- _Task inputs_:
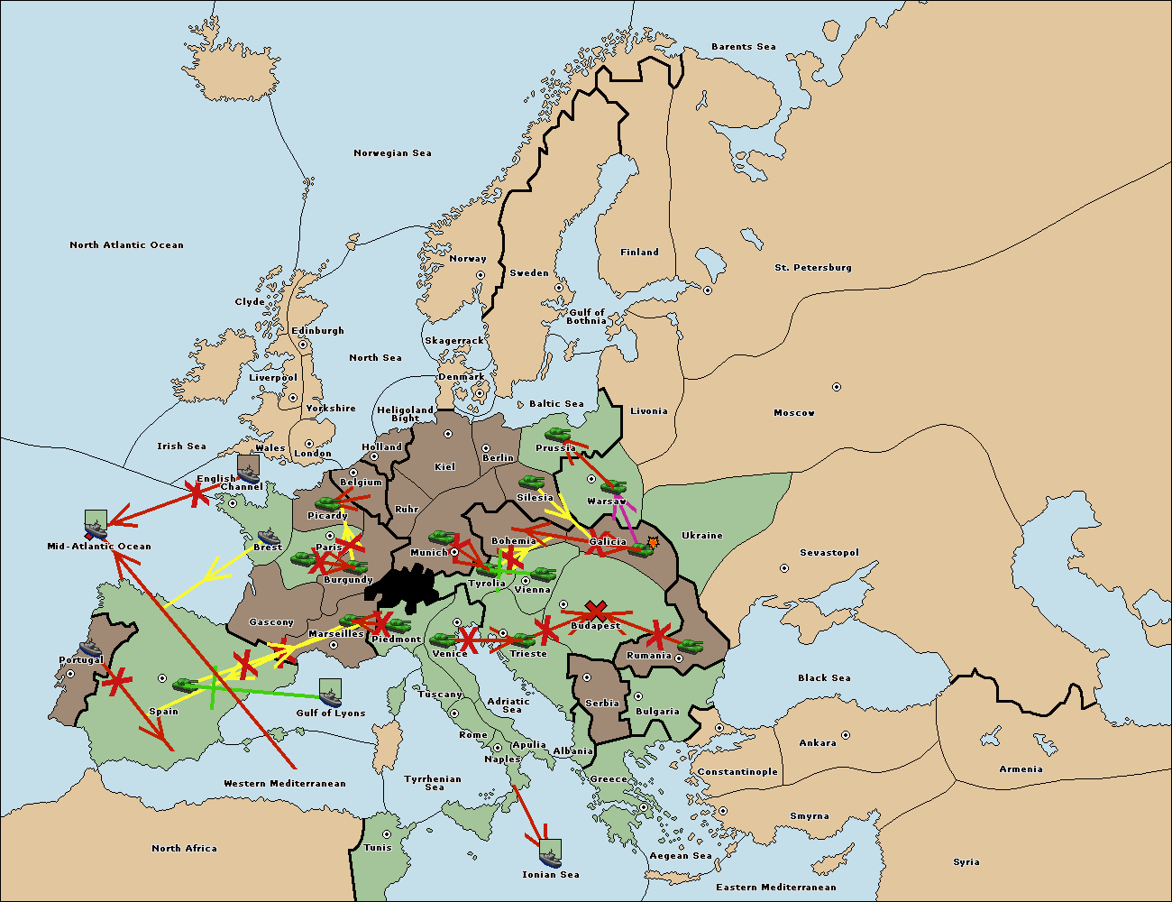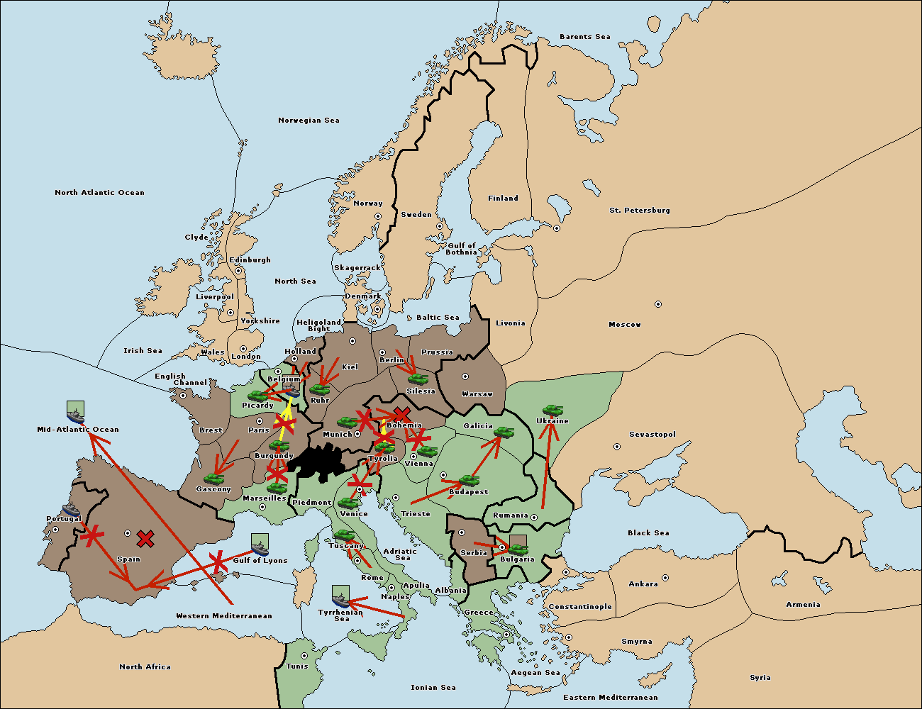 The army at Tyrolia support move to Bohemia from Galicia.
==
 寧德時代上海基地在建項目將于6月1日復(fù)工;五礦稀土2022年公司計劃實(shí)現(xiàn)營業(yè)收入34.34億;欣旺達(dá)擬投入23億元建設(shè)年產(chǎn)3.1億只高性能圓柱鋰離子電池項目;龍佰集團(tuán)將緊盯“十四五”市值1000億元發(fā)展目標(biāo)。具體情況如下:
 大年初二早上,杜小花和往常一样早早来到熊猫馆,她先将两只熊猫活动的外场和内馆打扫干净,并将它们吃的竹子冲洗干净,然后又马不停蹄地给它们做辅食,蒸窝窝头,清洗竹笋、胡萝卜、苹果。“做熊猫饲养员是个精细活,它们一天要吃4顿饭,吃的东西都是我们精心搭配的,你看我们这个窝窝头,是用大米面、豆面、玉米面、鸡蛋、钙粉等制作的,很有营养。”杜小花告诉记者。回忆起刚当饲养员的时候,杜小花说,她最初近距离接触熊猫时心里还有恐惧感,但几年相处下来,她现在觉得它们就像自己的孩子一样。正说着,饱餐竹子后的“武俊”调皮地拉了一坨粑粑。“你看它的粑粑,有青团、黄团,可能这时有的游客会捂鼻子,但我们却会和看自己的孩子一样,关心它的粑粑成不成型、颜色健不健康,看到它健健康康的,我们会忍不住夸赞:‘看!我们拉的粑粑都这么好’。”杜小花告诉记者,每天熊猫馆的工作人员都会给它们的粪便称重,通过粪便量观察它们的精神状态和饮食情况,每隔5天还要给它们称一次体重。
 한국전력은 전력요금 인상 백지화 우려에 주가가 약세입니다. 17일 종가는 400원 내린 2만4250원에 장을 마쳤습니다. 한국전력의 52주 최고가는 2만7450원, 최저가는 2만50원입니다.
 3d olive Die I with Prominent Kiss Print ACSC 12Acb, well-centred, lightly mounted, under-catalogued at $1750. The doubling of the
...
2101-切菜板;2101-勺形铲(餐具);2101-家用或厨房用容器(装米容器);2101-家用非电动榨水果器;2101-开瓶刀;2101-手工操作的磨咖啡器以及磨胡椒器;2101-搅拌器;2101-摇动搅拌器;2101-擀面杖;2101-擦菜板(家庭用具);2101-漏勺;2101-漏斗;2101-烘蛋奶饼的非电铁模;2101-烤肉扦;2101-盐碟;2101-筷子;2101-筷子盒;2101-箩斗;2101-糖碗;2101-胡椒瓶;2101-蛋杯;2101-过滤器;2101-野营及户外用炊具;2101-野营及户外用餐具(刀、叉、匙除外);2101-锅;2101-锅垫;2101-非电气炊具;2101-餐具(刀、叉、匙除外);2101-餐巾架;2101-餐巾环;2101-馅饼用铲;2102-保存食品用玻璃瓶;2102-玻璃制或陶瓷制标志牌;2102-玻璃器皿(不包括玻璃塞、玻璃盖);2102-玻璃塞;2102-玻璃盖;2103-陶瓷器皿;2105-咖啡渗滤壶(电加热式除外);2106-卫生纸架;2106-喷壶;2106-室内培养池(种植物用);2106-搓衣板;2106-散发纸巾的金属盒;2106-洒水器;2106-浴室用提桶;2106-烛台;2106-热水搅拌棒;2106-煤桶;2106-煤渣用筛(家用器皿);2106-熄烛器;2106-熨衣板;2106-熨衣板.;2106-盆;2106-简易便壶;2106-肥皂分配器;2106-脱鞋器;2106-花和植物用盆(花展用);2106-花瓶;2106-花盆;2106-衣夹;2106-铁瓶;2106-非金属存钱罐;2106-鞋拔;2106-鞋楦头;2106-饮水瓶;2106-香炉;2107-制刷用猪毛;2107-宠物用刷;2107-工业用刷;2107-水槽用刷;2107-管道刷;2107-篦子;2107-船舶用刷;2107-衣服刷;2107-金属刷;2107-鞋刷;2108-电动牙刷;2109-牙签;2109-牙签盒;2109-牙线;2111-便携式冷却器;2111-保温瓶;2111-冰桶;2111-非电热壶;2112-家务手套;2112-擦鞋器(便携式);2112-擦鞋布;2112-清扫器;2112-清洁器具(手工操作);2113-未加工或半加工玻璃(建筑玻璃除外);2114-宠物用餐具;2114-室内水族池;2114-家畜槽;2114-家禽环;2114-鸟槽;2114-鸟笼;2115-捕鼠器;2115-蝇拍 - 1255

- _What is required_:
Everything above from the line containing "한국전력은 전력요금 인상" through the line containing "3d olive Die" must be copied exactly. Nothing outside that range belongs in the answer.

- _Answer box_:
 한국전력은 전력요금 인상 백지화 우려에 주가가 약세입니다. 17일 종가는 400원 내린 2만4250원에 장을 마쳤습니다. 한국전력의 52주 최고가는 2만7450원, 최저가는 2만50원입니다.
 3d olive Die I with Prominent Kiss Print ACSC 12Acb, well-centred, lightly mounted, under-catalogued at $1750. The doubling of the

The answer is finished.